The programme – which has also been posted on the internet – does not feature 10 companies the two talked to and covers only two which appear to be purporting to be able to cover the identity of the owners of a large sum of money they claimed came from corrupt practices in an African nation.

However Mr Laporte said the country’s laws require any company’s shareholders to be declared even if they are not made public, so what the “journalists” were trying to do is not possible. The Financial Intelligence Unit (FIU) and the Seychelles International Business Authority (Siba) said when there is an investigation, the courts of law should have access to the identities of the real owners of the company.

“In any case nobody would want to trust his millions to a third party,” Siba’s chief executive Wendy Pierre told Nation.
In response to the documentary – entitled People & Power: How to rob Africa – published and aired on Thursday, Siba said it condemns any act or attempt of money laundering, of corruption in any form or other criminal activity as recently exposed in a documentary aired by Al Jazeera “where two Seychelles-based corporate service providers were shown to be prepared to engage in illegal practices”.

“The Seychelles Government, through Siba and the FIU, will be investigating the two companies and take appropriate action,” the authority said in a press release.

“The two CPS have damaged the reputation of Seychelles and its financial services industry by such activity, in a time when Seychelles has been strengthening its legal, regulatory and supervisory framework in order to ensure compliance to international standards.

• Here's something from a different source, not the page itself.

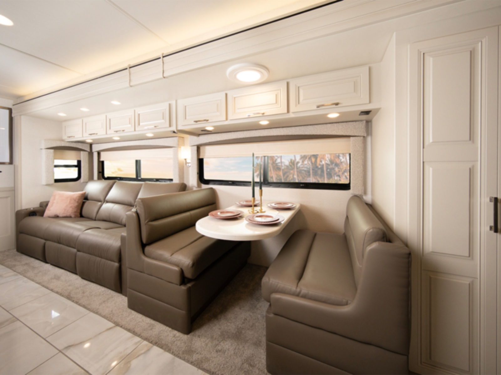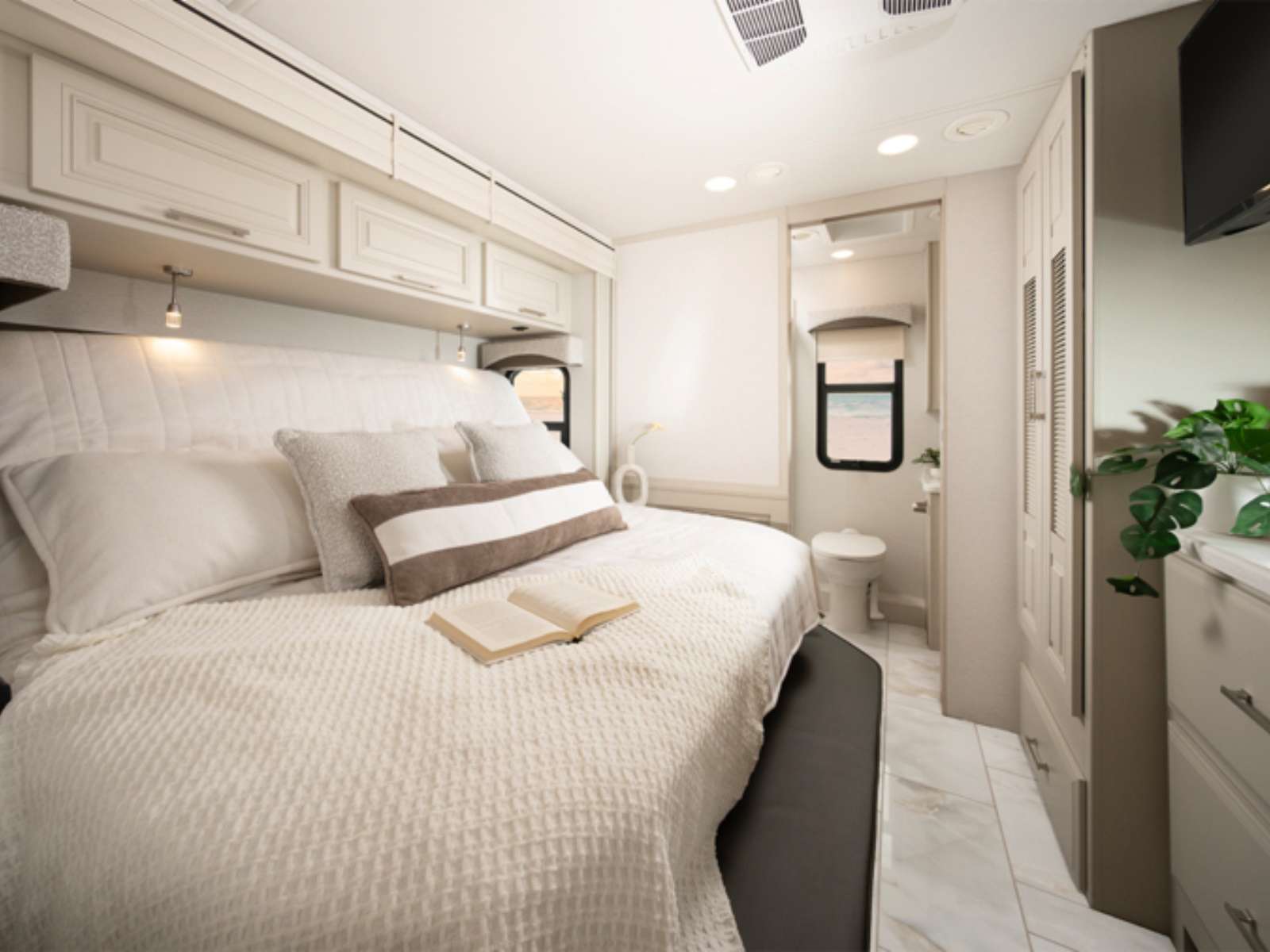Inside, craftsmanship defines the experience. Hand-laid porcelain tile, solid hardwood cabinetry and stiles and premium fabrics create a sophisticated atmosphere, while the Aqua-Hot® heating system with electric floor heat keeps every corner cozy. With the Firefly total coach control system and app-based integration, managing lighting, climate, and more is as intuitive as it is effortless.

“Siba will take action when the FIU has completed its investigation. We have a robust system for reviewing service providers and action is always taken when irregularities are found.”

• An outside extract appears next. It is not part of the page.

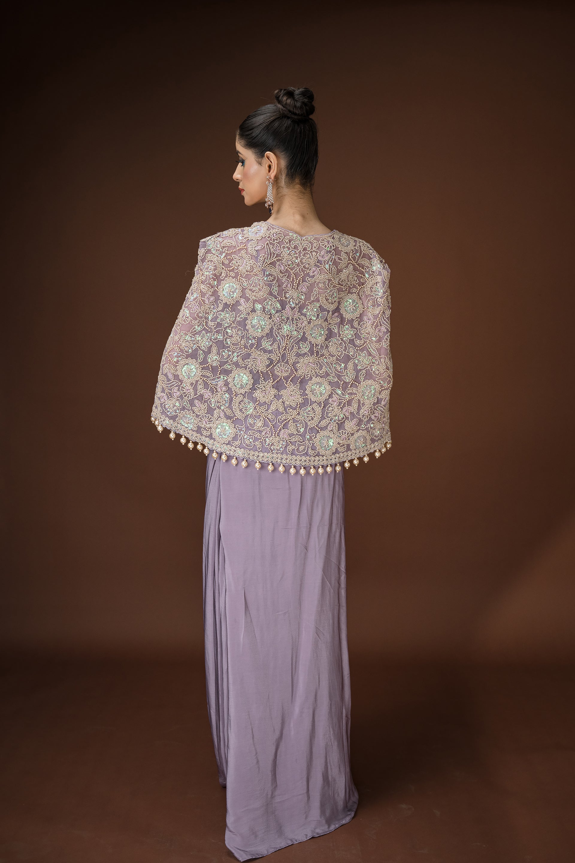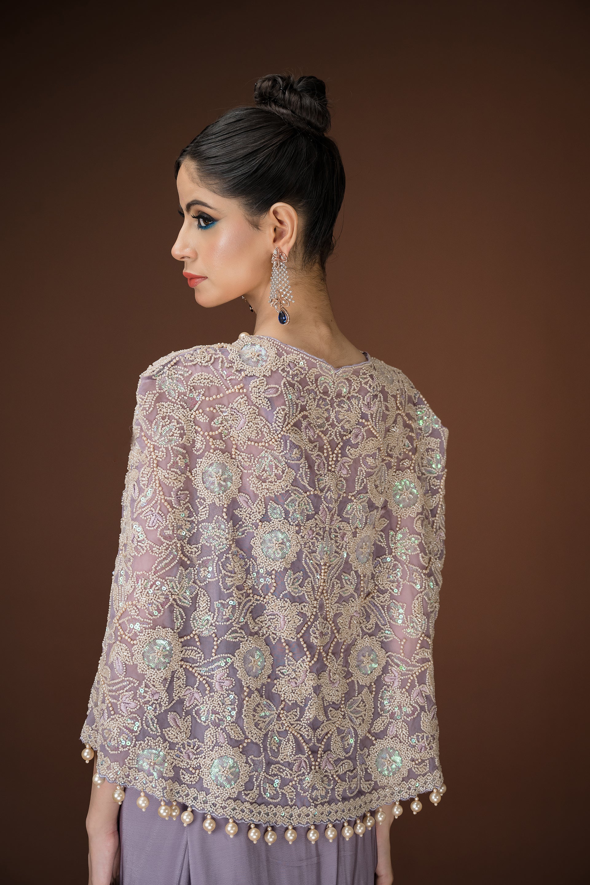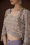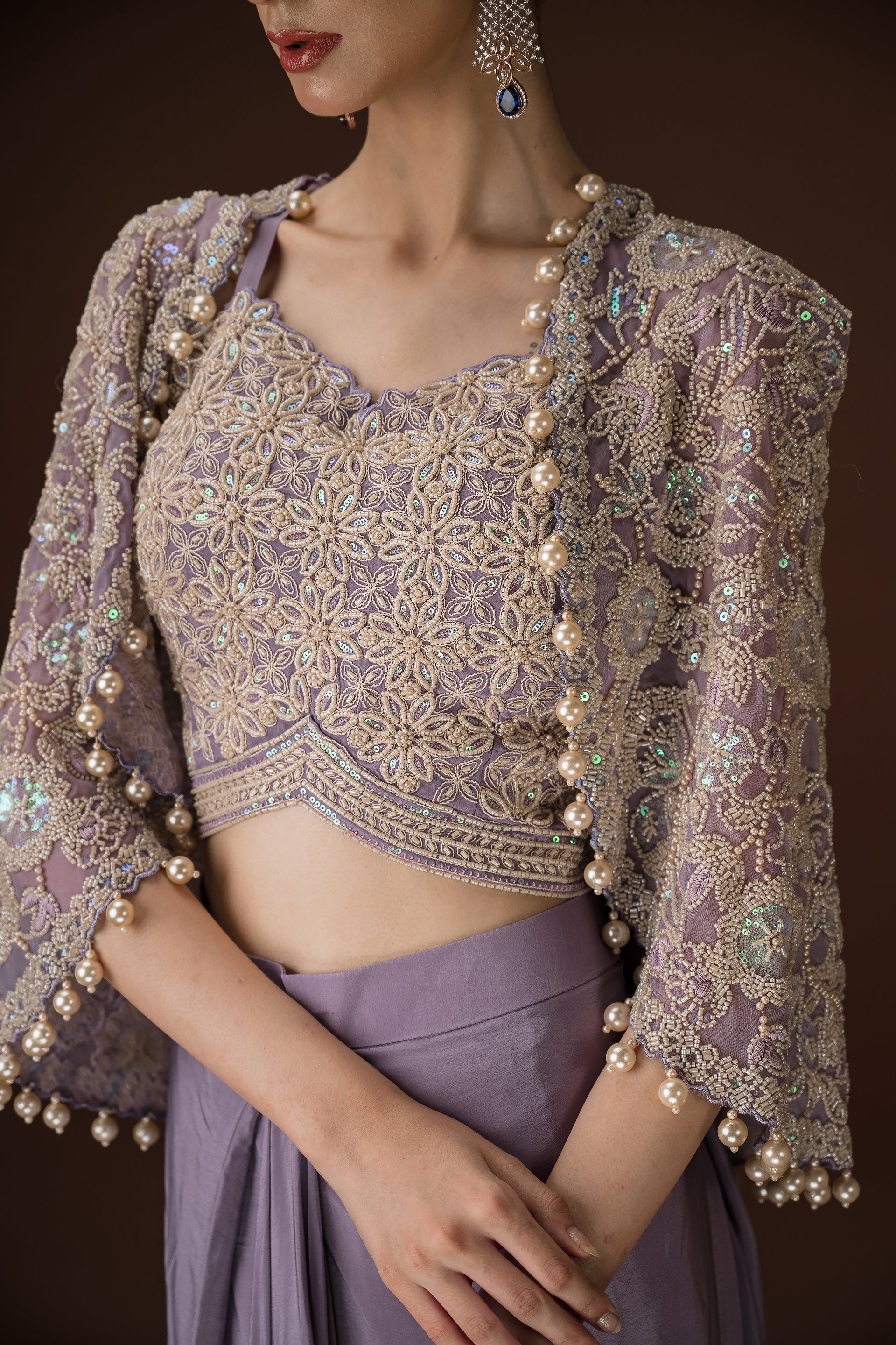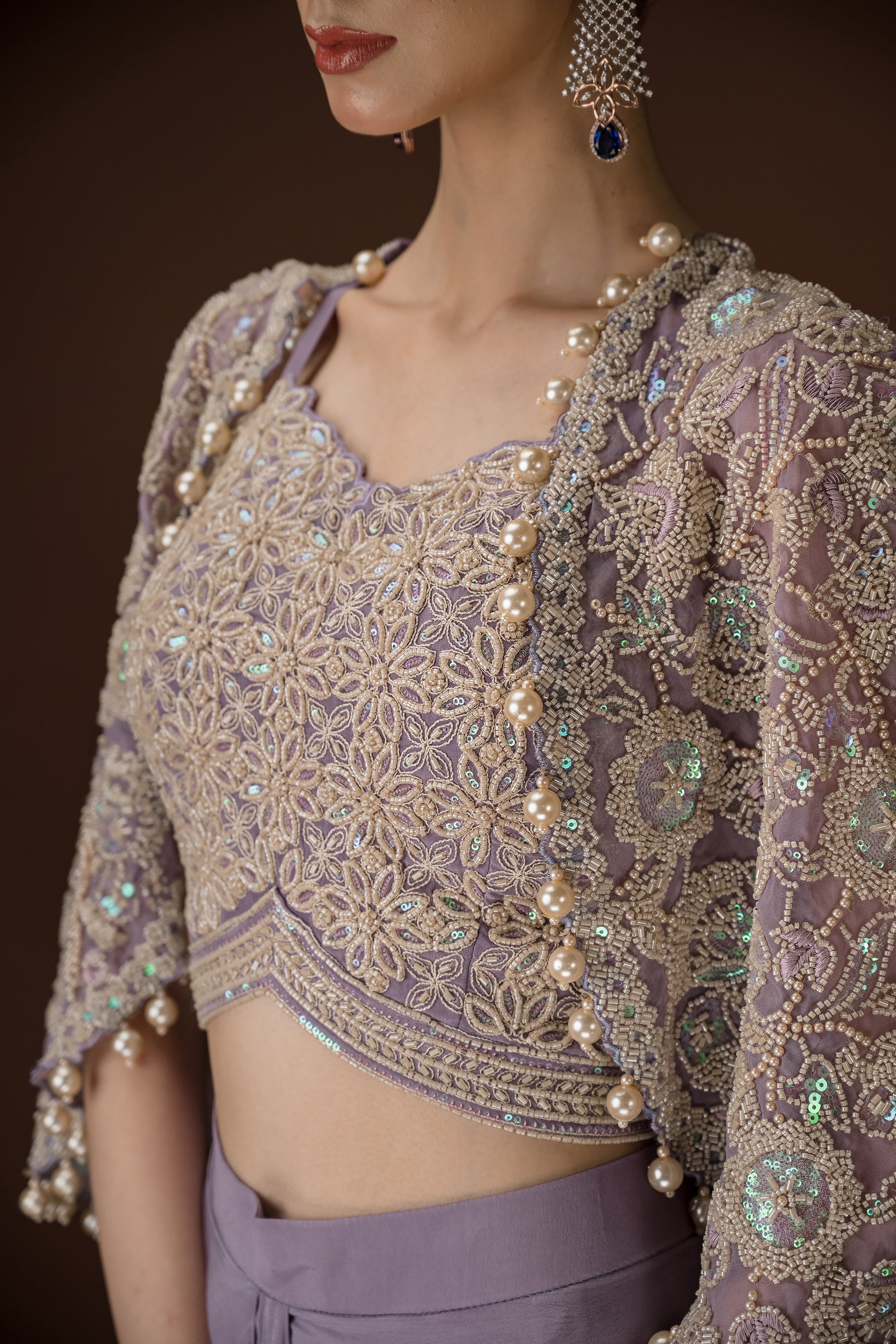 The ensemble features a flowy mauve georgette draped skirt that creates a graceful silhouette with every movement. It is paired with a heavily embellished crop blouse, intricately adorned with beads, sequins, and delicate embroidery. The blouse is designed with dramatic elbow-length bell sleeves, finished with charming pearl tassels

The authority said it has in the past revoked licenses of service providers when sufficient ground was found for illegal activity.

“Furthermore the FIU has been investigating 47 cases of irregularities by CPS in 2012, and will together with Siba be undertaking a thorough investigation in these two cases.

“Recently, as part of its continuous effort to keep abreast of international norms and best practices, Seychelles has amended a number of its legislation, specifically, the Anti-Money Laundering Act (AML Act) & International Corporate Service Providers Act (ICSP) was improved with regards to customer due diligence, record keeping and reporting obligations.”

“All international financial service jurisdictions are facing the same challenges today, and no jurisdiction is immune from rogue operators. It is important that when cases of wrongdoing are identified, Siba acts swiftly and prevent such activities from continuing. Siba is confident that the majority of service providers in Seychelles adhere to the high standards which have maintained the Seychelles’ reputation as a well regulated jurisdiction.

“It is worth noting that the matters raised in the documentary are not endemic to a particular jurisdiction, but rather a plight that is global. This was further highlighted by the FIU in the documentary. It is unfortunate that Al Jazeera did not air the interview of Siba chairman Steve Fanny, who they had spoken to in Seychelles, which put the concerns in the context of contemporary practices within the international financial services.

“When the Al Jazeera journalists met with Mr Fanny they had explained that they had met ‘undercover’ with 12 CPS in Seychelles, and out of that group, they said that two were willing to working in a corrupted and illegal way. The journalists were asked to provide evidence of illegal activity, and they refused to do so, and left the country before such material was obtained.”